These systems are characterized by accessibility to and from the internet, as well as minimal cybersecurity controls by the consumer organization.
Rankings of industries and OT infrastructure by percentage of ICS computers on which malicious objects were blocked
In Q4 2025, the percentage of ICS computers on which malicious objects were blocked increased only in one sector: oil and gas. The corresponding figures increased in two regions: Russia, and Central Asia and the South Caucasus.
However, if we look at a broader time span, there is a downward trend in all the surveyed industries.
Percentage of ICS computers on which malicious objects were blocked in selected industries
Diversity of detected malicious objects
In Q4 2025, Kaspersky protection solutions blocked malware from 10,142 different malware families of various categories on industrial automation systems.

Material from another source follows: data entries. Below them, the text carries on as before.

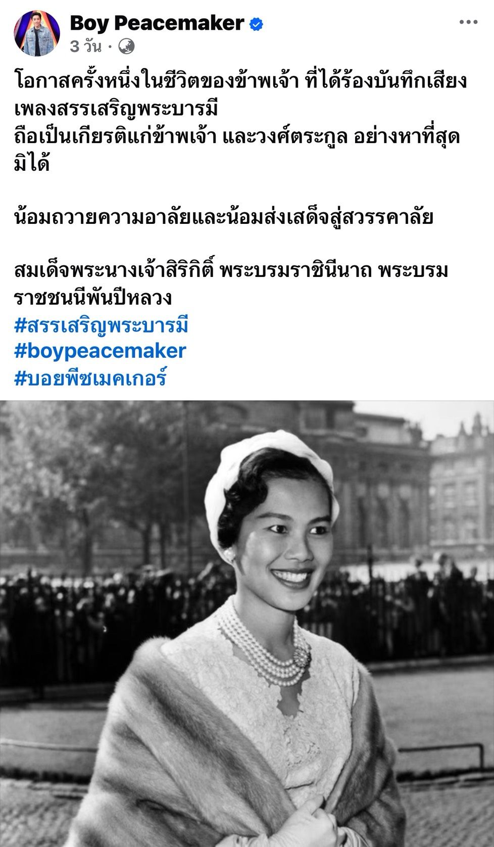 ‘บอย พีซเมคเกอร์’สุดปลื้ม ได้รับเกียรติร้องบันทึกเสียงเพลง ‘สรรเสริญพระบารมี’ น้อมถวายความอาลัยแด่ สมเด็จพระบรมราชชนนีพันปีหลวง
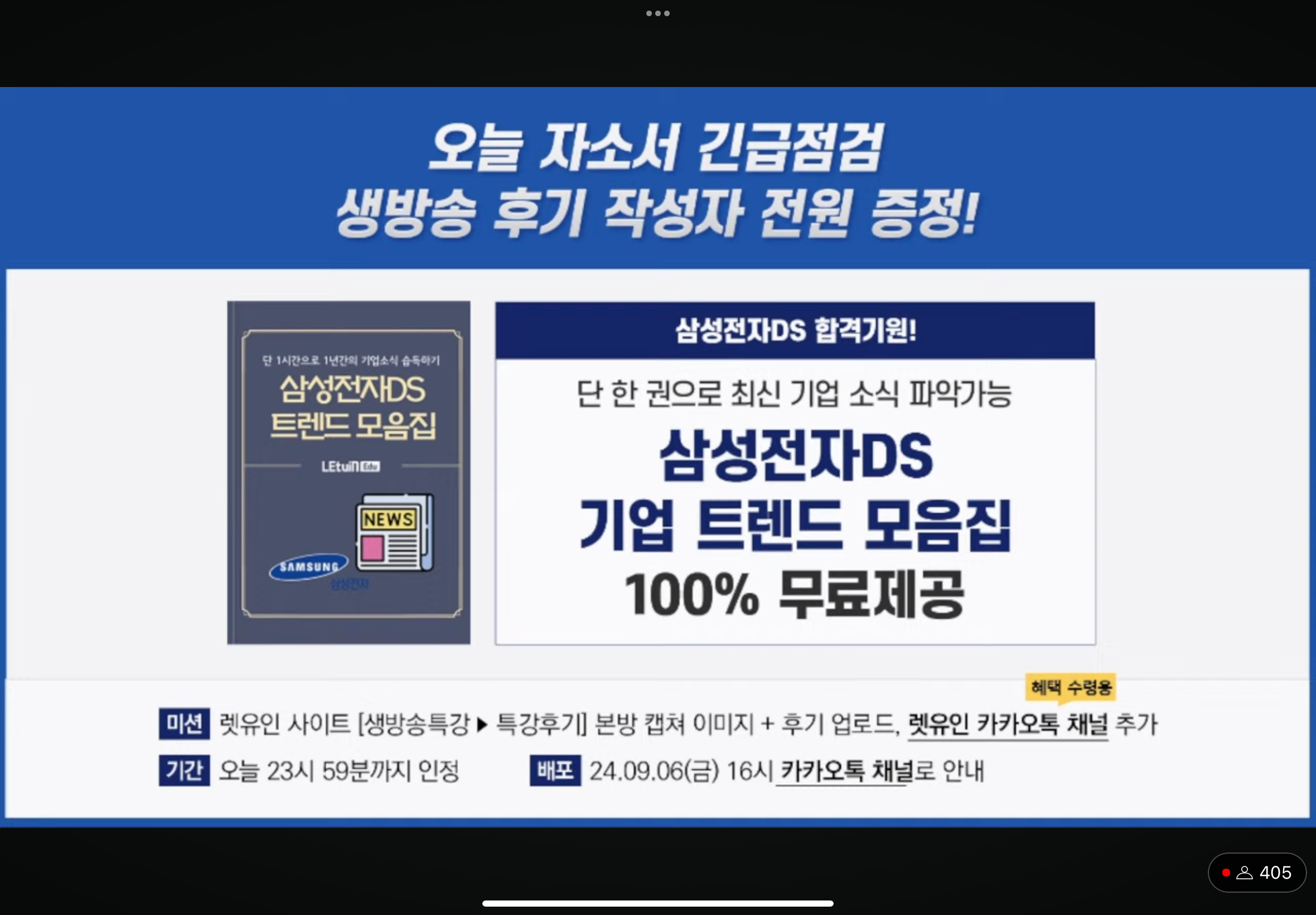 삼성전자 자소서 항목별 작성 요령, 최근 사회 이슈(ESG, AI) 등 자소서 작성에 있어서 전반적으로 가이드를 받을 수 있는 내용들이었습니다. 또한 Chat gpt 활용 해서 오탈자 수정과 첨삭을 받은 후 제출하는 것을 추천 받았습니다.
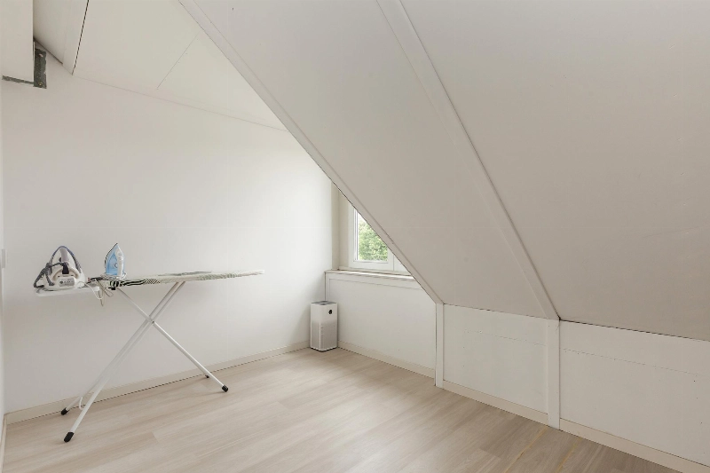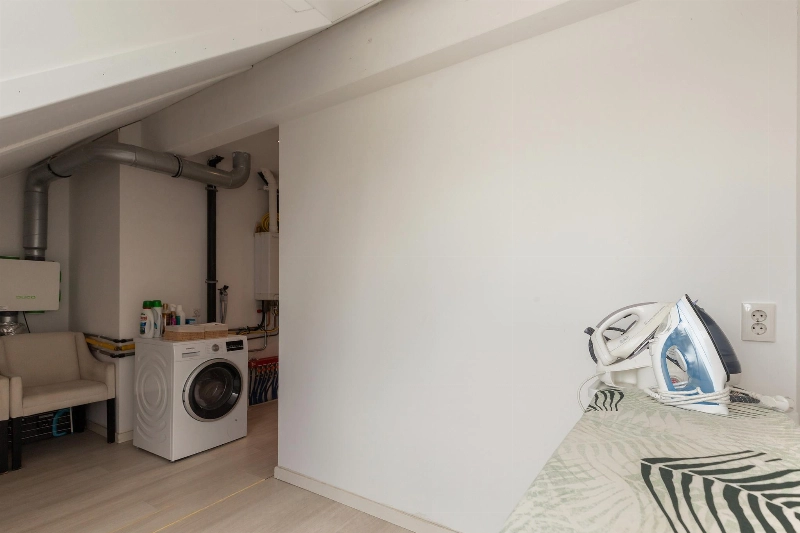 De naastgelegen wasruimte is eveneens voorzien van een dakkapel en biedt plek voor de aansluitingen voor de wasmachine en de cv-combiketel.

Percentage of ICS computers on which the activity of malicious objects from various categories was blocked
In Q4 2025, there was an increase in the percentage of ICS computers on which worms, and miners in the form of executable files for Windows were blocked. These were the only categories that exhibited an increase.
Main threat sources
Depending on the threat detection and blocking scenario, it is not always possible to reliably identify the source. The circumstantial evidence for a specific source can be the blocked threat’s type (category).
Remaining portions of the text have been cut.